The energy crisis creates even stronger impetus for EU electrification

Electrification is central to meeting the European Union’s goals on energy security, competitiveness, affordability, and emissions reductions. The closure of the Strait of Hormuz has highlighted the risks of over-dependence on imported fuels and concentrated supply routes, making the case for electrification even stronger.

In the EU, around 70% of electricity generation is already supplied from domestic, low-emissions sources. And yet end-users (industry, buildings and transport sectors), source less than one quarter of their energy consumption from electricity.
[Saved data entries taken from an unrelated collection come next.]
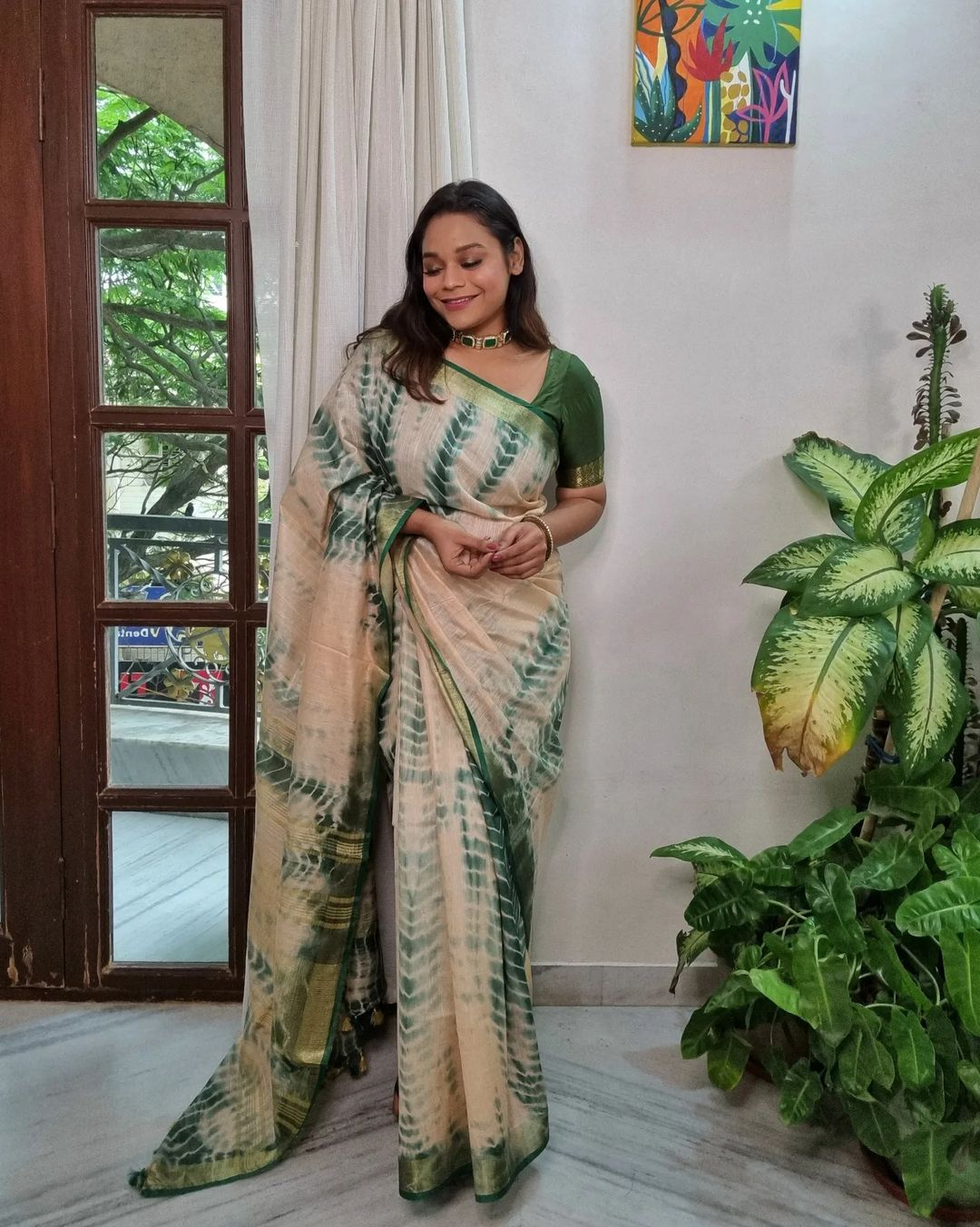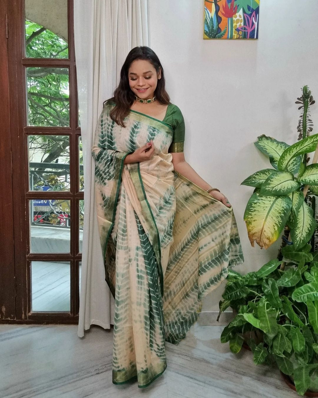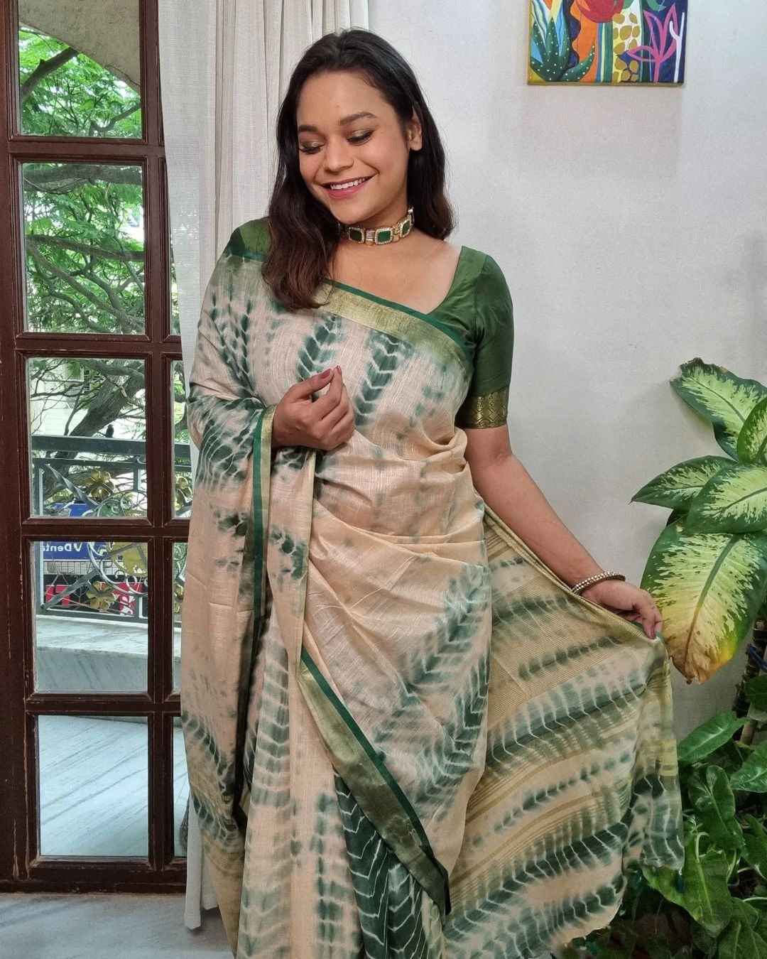 Stylish Cream Color Pure Cotton Lilen With Digital Printed Designer Saree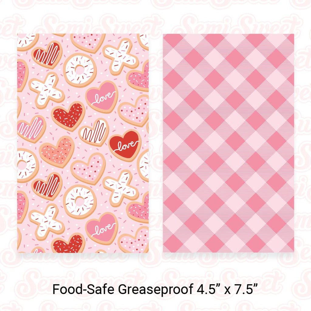 One side features a Valentine cookies pattern, while the reverse side is a pink gingham pattern — great for Valentine's Day treats.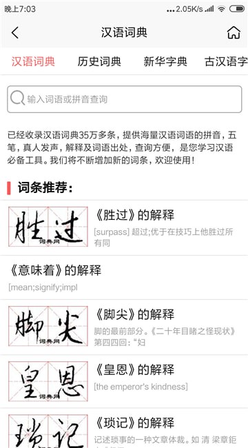词典网免费版是专门为国学爱好者打造的掌上学习帮手,集书法字典、历史词典、古汉语字典、成语词典、新华字典等多部字典于一身,提供全维度成语学习和书法学习帮助;无论你喜欢行书、楷书、还是草书、篆书,都有提供相应的书法学习内容,手把手教您学好书法,进行书法练习;几乎每一个简体字都能查询到相应的书法字写法,从而更好的进行书法练习;近义词、反义词、好词好句、百家姓、周公解梦等领域的学习内容也有带来,资料非常丰富,满足所有爱好者的国学学习需求,能够系统学习相关知识,传承历史文化。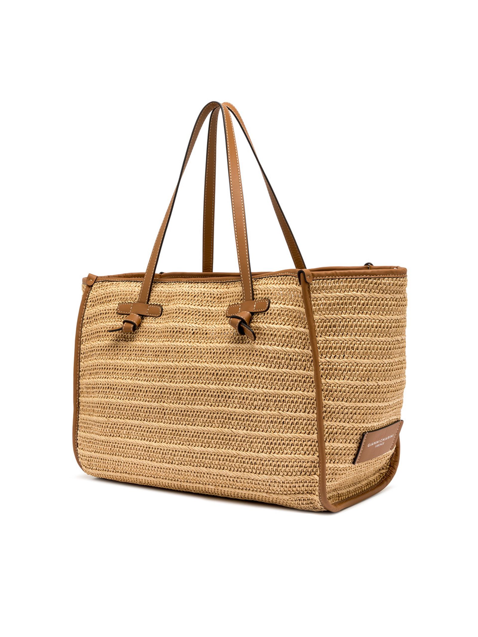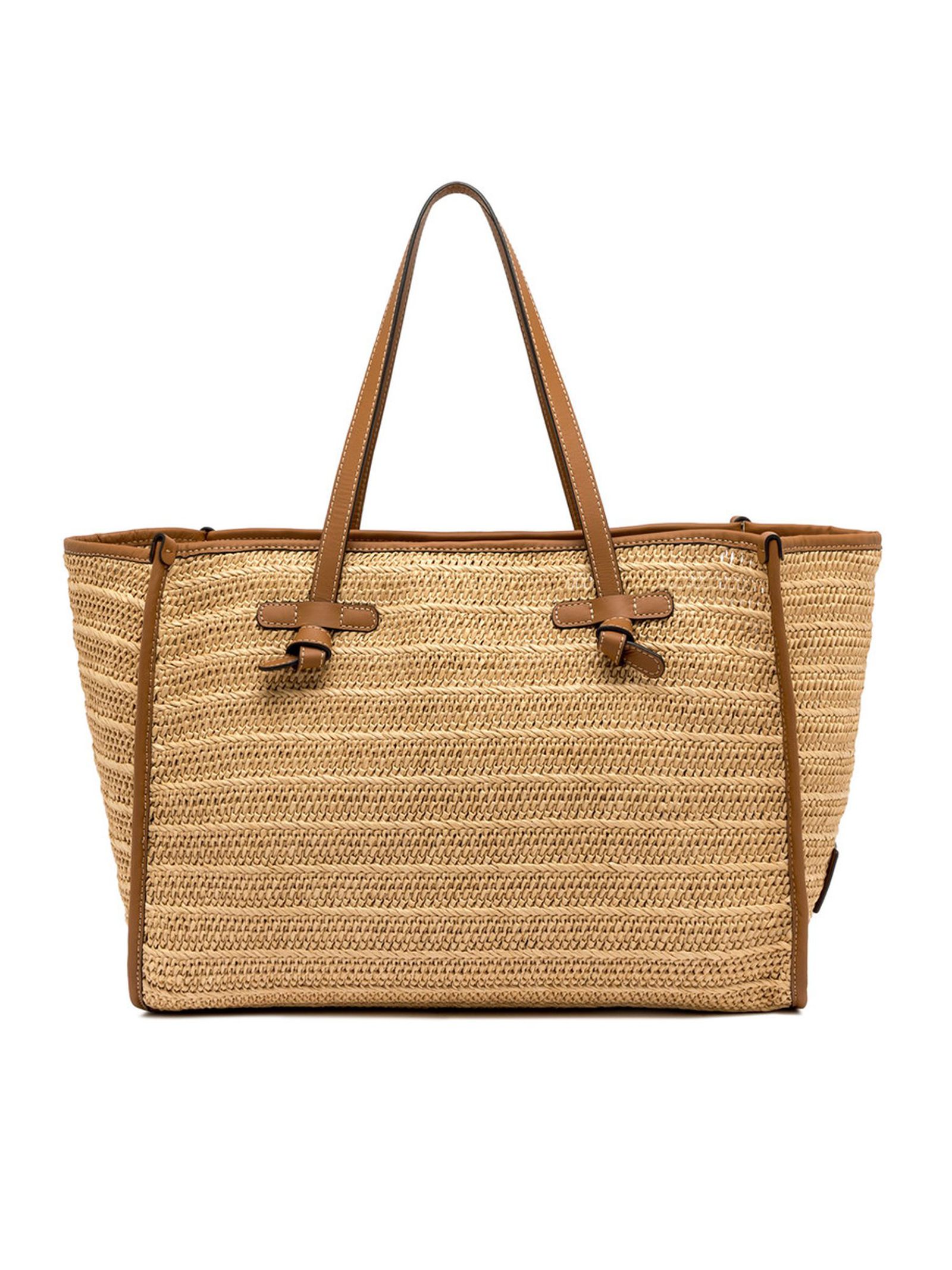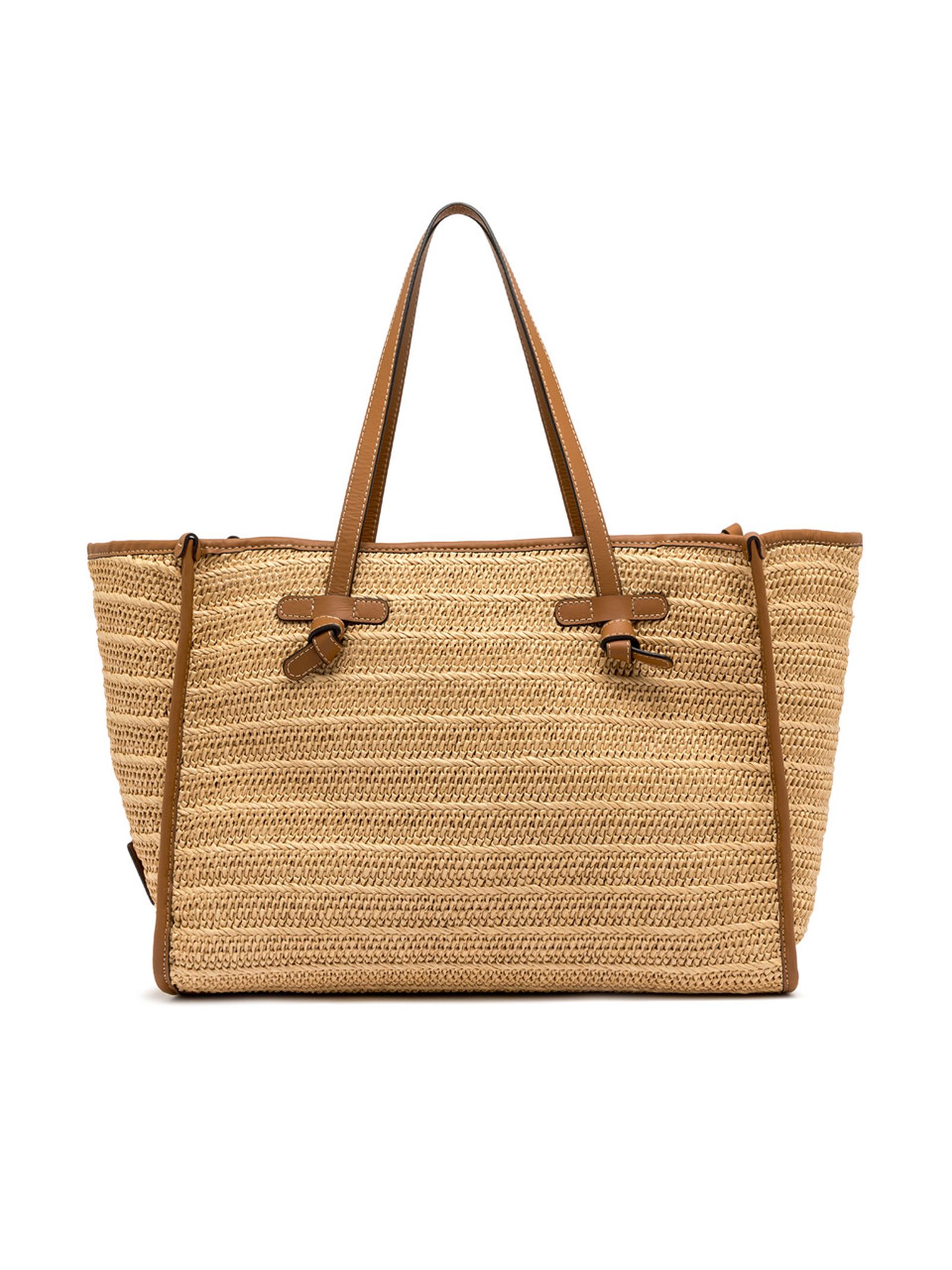 Borsa shopping in rafia effetto paglia beige, rifiniture in pelle e manici tono su tono, sfoderata, tasca interna con zip, Dimensioni: 33x25x13 cm

Today, around two-thirds of end-use energy consumption relies on fossil fuels, of which the EU imports more than 80%.

This commentary is the first in a series examining the case for electrification in the EU, identifying cost competitiveness and areas where targeted policies could catalyse change.

To make electrification cost-competitive, electricity prices need to fall below a threshold ratio relative to the price of fossil fuels. Because most electrification options are several times more efficient than conventional alternatives, they can be cheaper to operate than conventional fuel-based technologies even when electricity costs more per unit of energy than the fuel they replace – i.e. a ratio greater than one.

EU countries today face very different price ratios. These differences are driven by historical choices in energy system design, energy taxation, and natural resources. They differ not only between countries, but also within them, as subsidies, taxes, and grid connection fees can vary substantially between industrial and household consumers. Averaging across these users, countries with lower price ratios typically see higher rates of electrification and per capita electricity demand.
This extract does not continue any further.